Description of the task → The lines from the top of the material through the line with "Beim Brand des" are to be set down exactly. Leave the pictures out.

◆ ◆ ◆

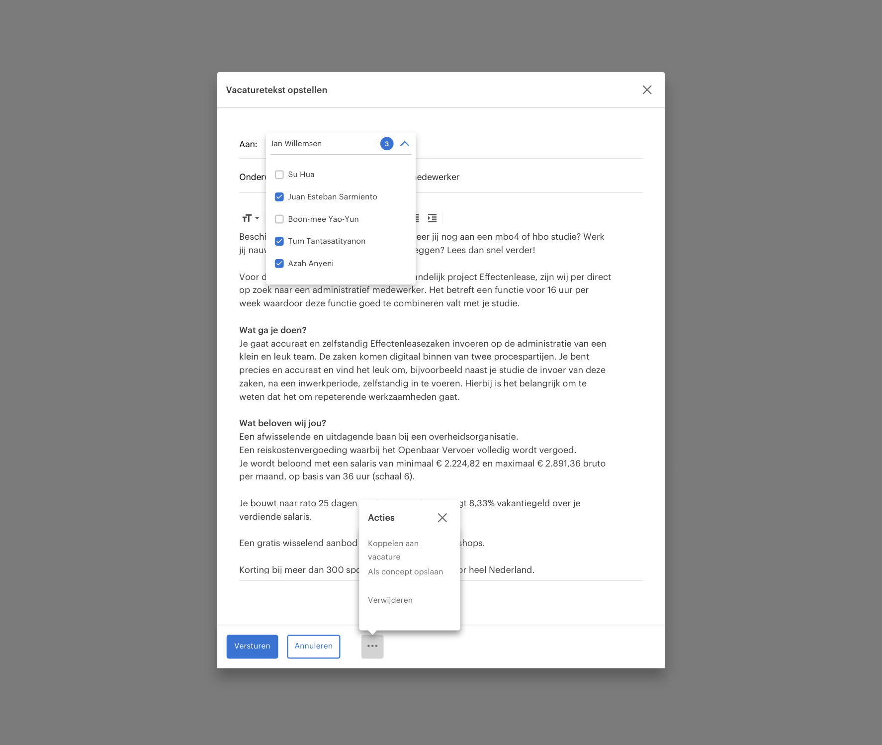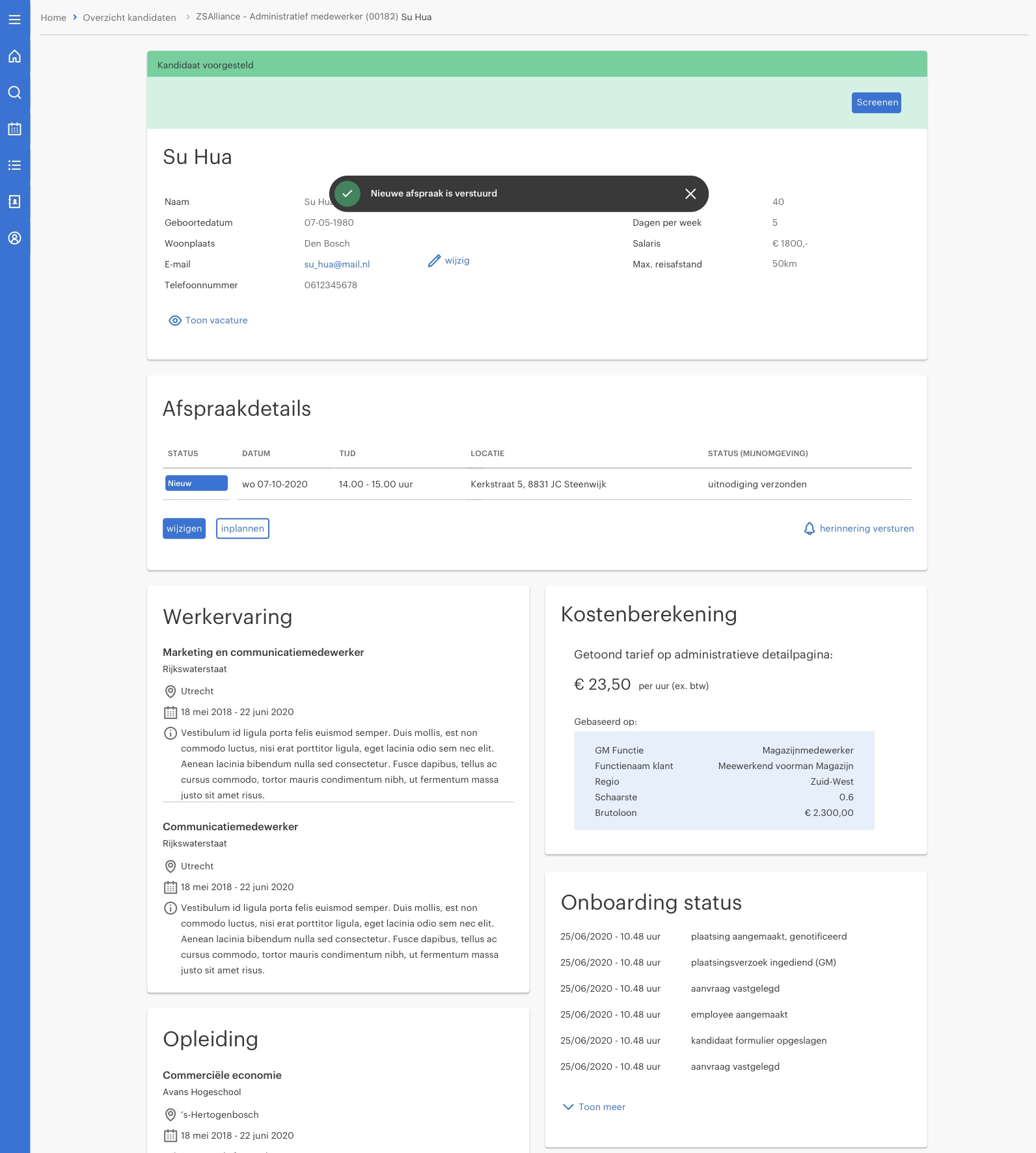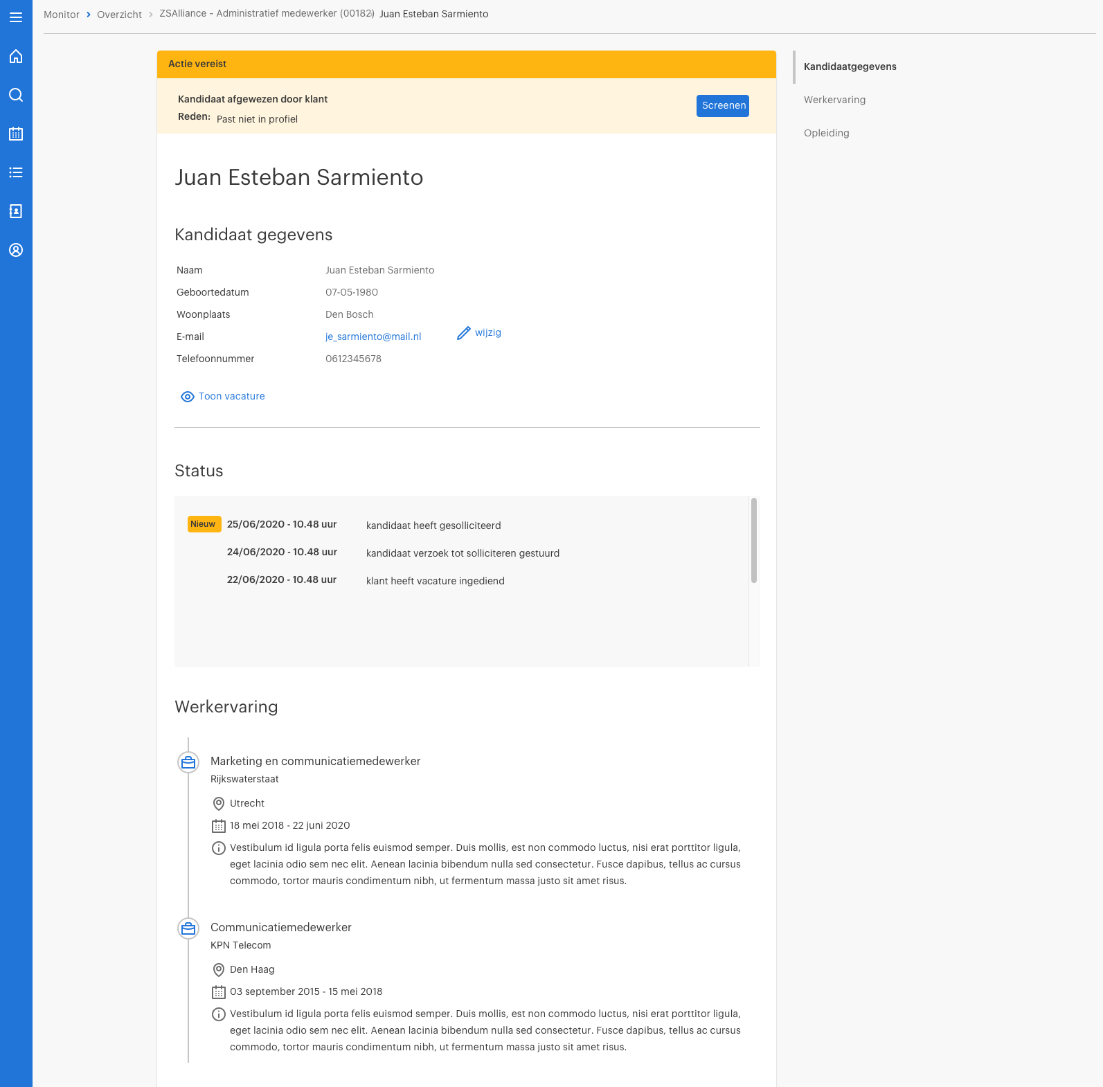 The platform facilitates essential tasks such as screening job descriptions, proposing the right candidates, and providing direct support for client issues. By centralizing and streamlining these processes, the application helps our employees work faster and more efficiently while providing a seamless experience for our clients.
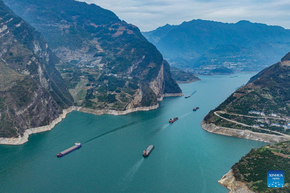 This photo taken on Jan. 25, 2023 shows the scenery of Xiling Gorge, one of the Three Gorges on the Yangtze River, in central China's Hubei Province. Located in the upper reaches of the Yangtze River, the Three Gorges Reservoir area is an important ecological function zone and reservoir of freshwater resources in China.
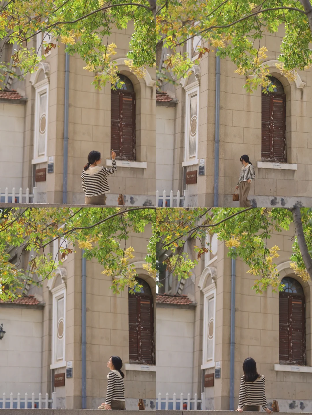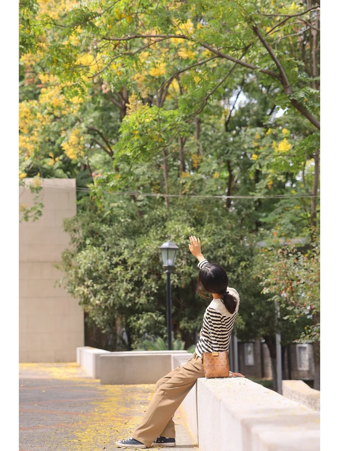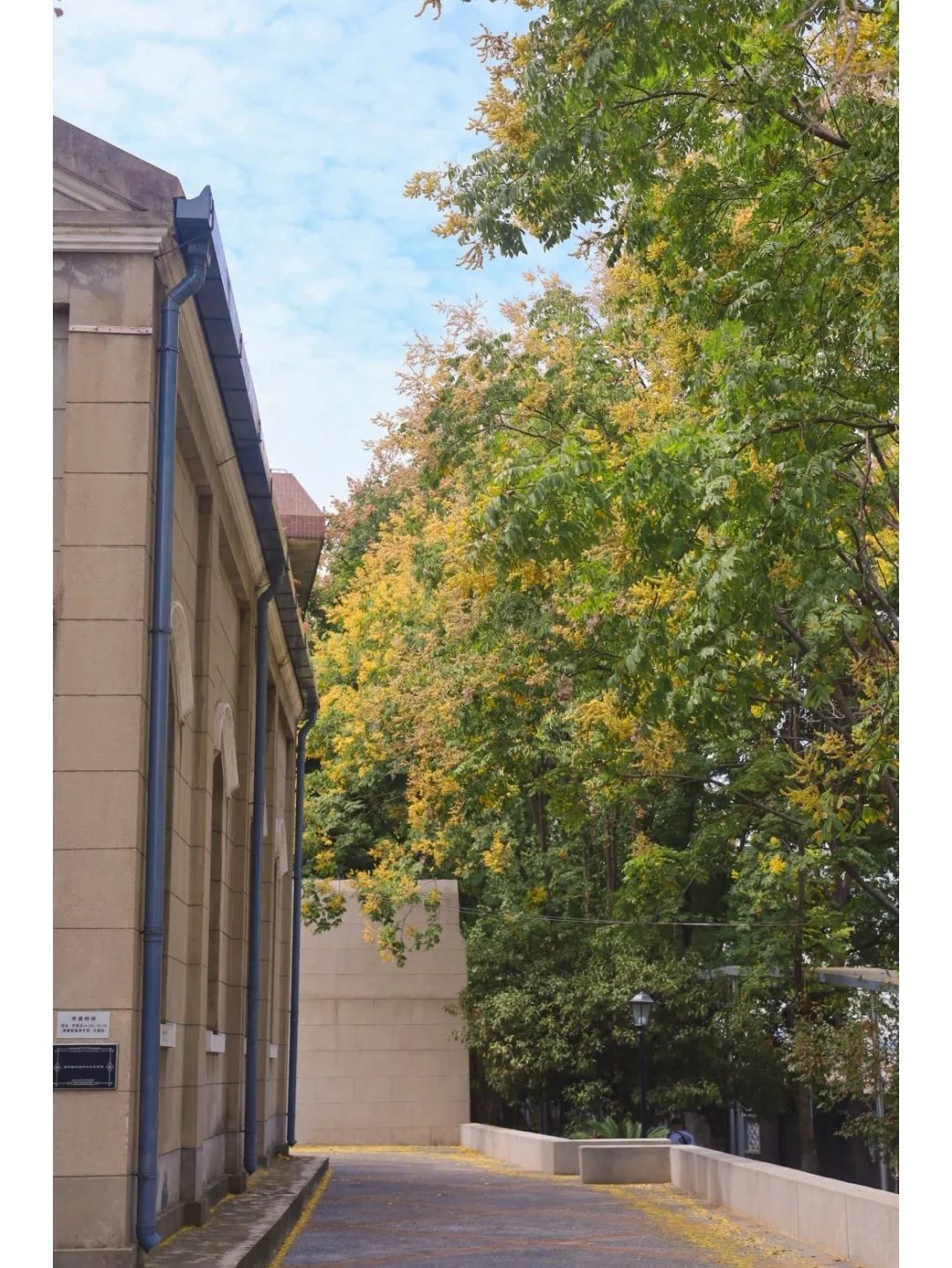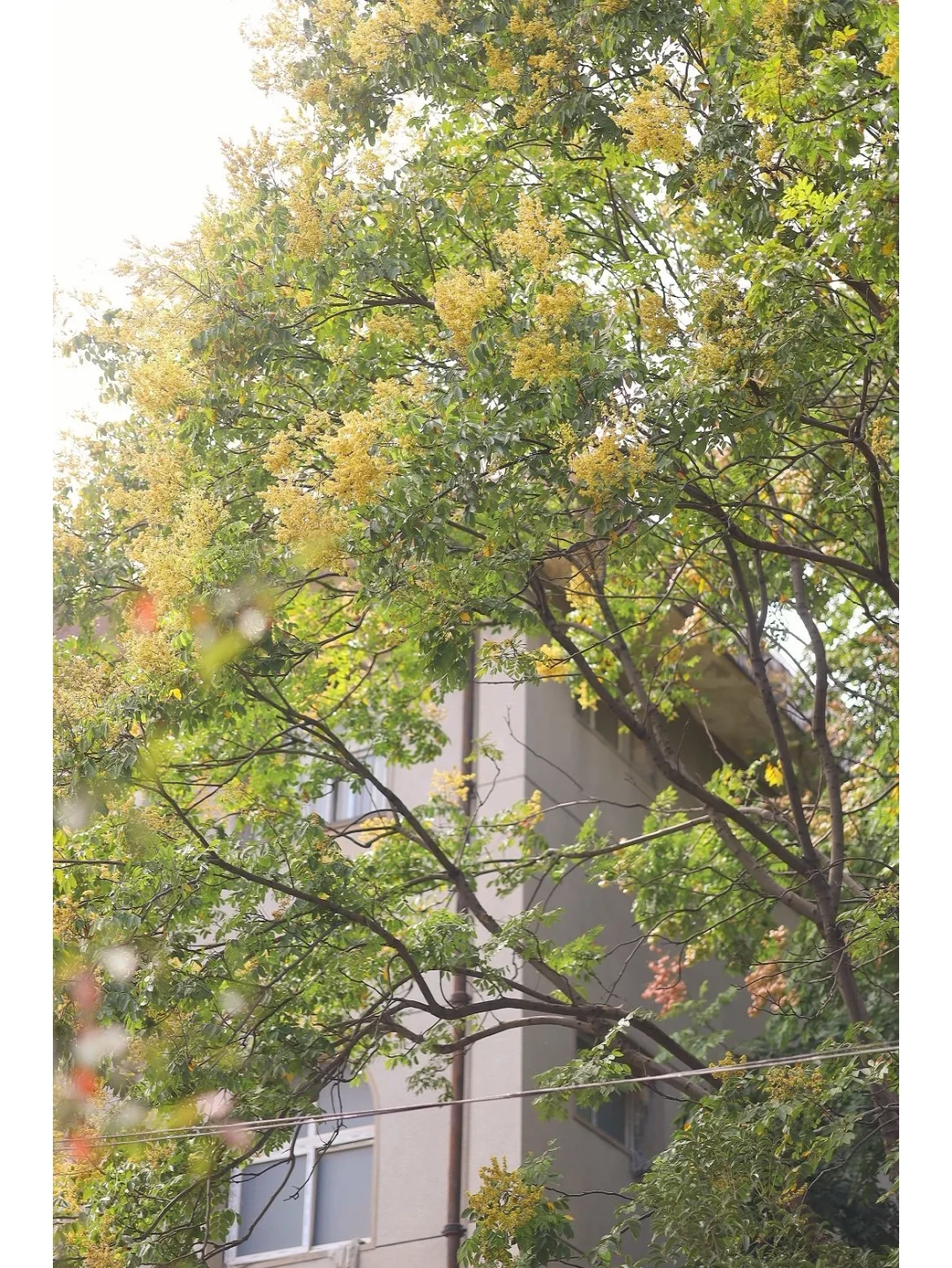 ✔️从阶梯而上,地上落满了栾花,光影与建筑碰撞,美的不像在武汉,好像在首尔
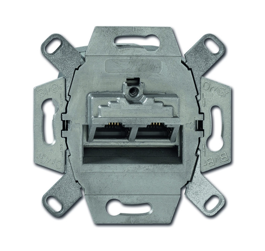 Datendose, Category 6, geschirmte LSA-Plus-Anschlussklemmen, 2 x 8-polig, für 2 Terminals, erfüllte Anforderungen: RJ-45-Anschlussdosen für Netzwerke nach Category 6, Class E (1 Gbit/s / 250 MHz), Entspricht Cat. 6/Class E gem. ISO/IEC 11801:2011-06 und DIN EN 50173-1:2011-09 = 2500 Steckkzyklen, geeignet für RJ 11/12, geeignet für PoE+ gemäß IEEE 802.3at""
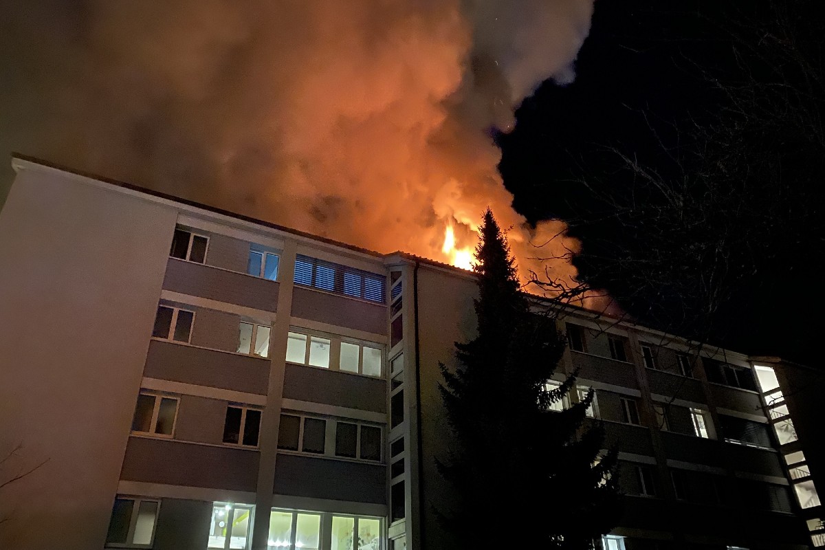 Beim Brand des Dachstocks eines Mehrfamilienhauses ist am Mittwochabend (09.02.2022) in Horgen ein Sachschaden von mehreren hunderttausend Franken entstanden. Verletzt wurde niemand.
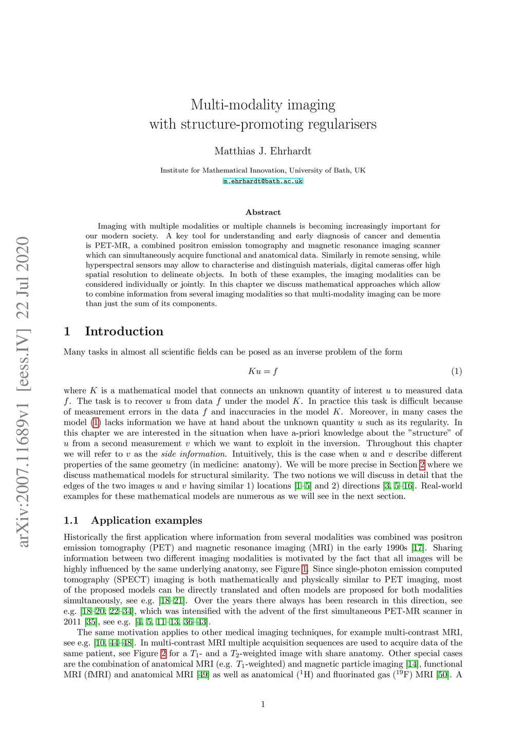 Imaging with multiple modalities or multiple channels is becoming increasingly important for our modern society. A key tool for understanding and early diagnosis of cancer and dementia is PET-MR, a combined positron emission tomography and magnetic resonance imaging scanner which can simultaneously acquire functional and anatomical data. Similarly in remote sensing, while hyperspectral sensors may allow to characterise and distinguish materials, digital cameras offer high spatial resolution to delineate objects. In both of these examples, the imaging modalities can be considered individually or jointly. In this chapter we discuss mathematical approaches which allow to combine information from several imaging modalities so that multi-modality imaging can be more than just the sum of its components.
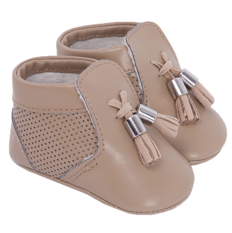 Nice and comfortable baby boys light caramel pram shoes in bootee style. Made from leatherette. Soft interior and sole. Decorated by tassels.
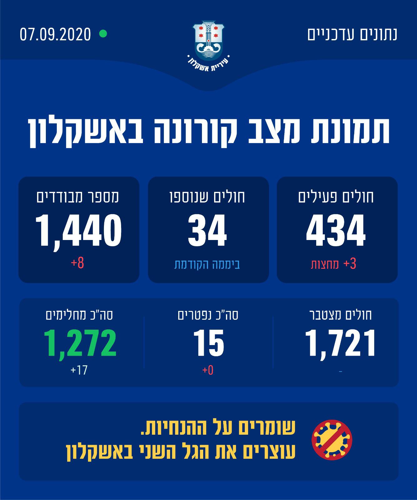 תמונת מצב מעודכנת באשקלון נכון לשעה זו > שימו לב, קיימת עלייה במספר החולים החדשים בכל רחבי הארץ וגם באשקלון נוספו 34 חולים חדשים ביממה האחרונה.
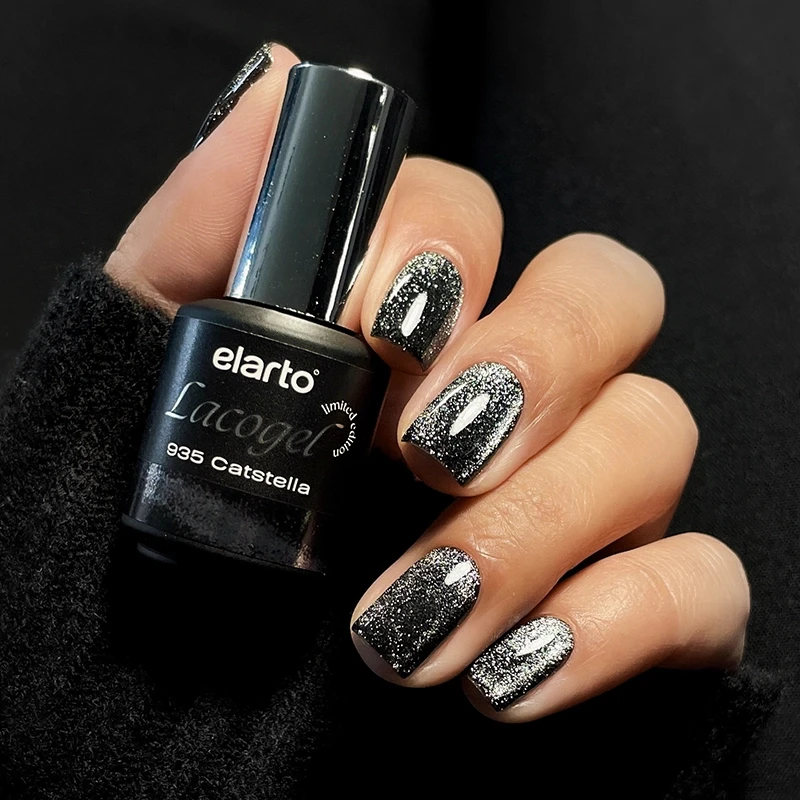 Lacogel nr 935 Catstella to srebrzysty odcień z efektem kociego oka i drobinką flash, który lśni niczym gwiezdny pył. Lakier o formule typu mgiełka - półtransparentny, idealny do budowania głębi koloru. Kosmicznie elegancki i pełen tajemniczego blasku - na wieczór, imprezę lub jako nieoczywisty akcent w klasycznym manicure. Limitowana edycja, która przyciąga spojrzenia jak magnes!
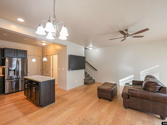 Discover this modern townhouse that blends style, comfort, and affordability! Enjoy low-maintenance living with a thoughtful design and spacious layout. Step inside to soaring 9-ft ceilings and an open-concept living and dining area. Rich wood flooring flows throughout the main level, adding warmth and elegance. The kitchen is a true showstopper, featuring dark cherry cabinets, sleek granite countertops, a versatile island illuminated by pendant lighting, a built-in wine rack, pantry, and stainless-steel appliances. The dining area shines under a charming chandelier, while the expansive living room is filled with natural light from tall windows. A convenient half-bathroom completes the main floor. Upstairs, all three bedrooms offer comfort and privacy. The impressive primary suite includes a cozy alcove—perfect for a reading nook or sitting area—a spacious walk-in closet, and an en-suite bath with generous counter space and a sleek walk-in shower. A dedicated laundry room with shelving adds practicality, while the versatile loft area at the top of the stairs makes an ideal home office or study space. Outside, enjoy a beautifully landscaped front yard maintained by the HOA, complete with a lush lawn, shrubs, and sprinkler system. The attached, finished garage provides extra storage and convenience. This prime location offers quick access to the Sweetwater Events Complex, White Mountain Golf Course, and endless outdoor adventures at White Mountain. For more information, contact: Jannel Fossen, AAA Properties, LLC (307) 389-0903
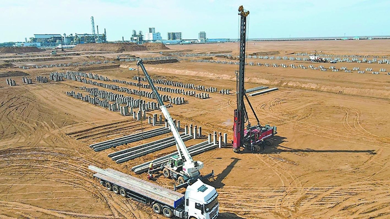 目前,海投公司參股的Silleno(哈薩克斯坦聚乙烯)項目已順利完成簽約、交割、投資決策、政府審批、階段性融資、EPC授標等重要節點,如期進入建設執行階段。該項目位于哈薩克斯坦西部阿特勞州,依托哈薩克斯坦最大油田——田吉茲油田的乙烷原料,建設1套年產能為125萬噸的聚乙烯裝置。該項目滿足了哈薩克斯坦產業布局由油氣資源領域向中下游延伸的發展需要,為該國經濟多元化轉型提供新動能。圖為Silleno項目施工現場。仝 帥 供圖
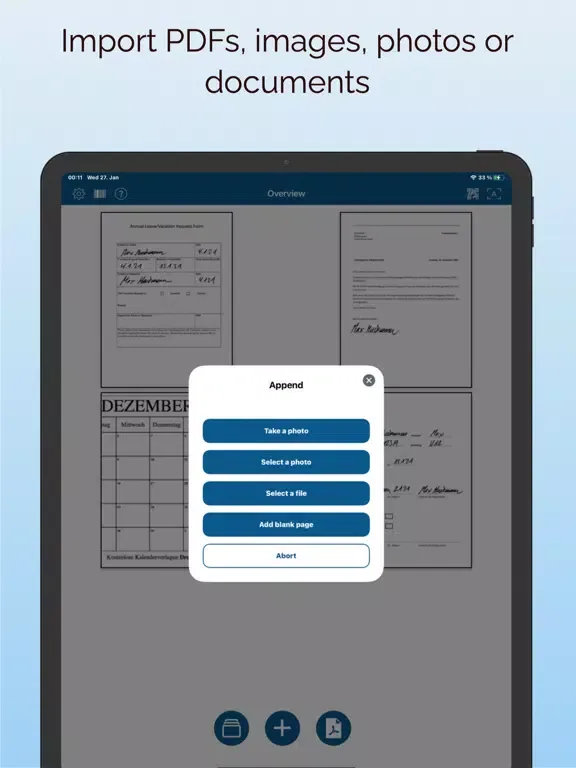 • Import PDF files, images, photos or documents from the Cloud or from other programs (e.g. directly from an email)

◆ ◆ ◆

Output for this exercise →
 The platform facilitates essential tasks such as screening job descriptions, proposing the right candidates, and providing direct support for client issues. By centralizing and streamlining these processes, the application helps our employees work faster and more efficiently while providing a seamless experience for our clients.
 This photo taken on Jan. 25, 2023 shows the scenery of Xiling Gorge, one of the Three Gorges on the Yangtze River, in central China's Hubei Province. Located in the upper reaches of the Yangtze River, the Three Gorges Reservoir area is an important ecological function zone and reservoir of freshwater resources in China.
 ✔️从阶梯而上,地上落满了栾花,光影与建筑碰撞,美的不像在武汉,好像在首尔
 Datendose, Category 6, geschirmte LSA-Plus-Anschlussklemmen, 2 x 8-polig, für 2 Terminals, erfüllte Anforderungen: RJ-45-Anschlussdosen für Netzwerke nach Category 6, Class E (1 Gbit/s / 250 MHz), Entspricht Cat. 6/Class E gem. ISO/IEC 11801:2011-06 und DIN EN 50173-1:2011-09 = 2500 Steckkzyklen, geeignet für RJ 11/12, geeignet für PoE+ gemäß IEEE 802.3at""
 Beim Brand des Dachstocks eines Mehrfamilienhauses ist am Mittwochabend (09.02.2022) in Horgen ein Sachschaden von mehreren hunderttausend Franken entstanden. Verletzt wurde niemand.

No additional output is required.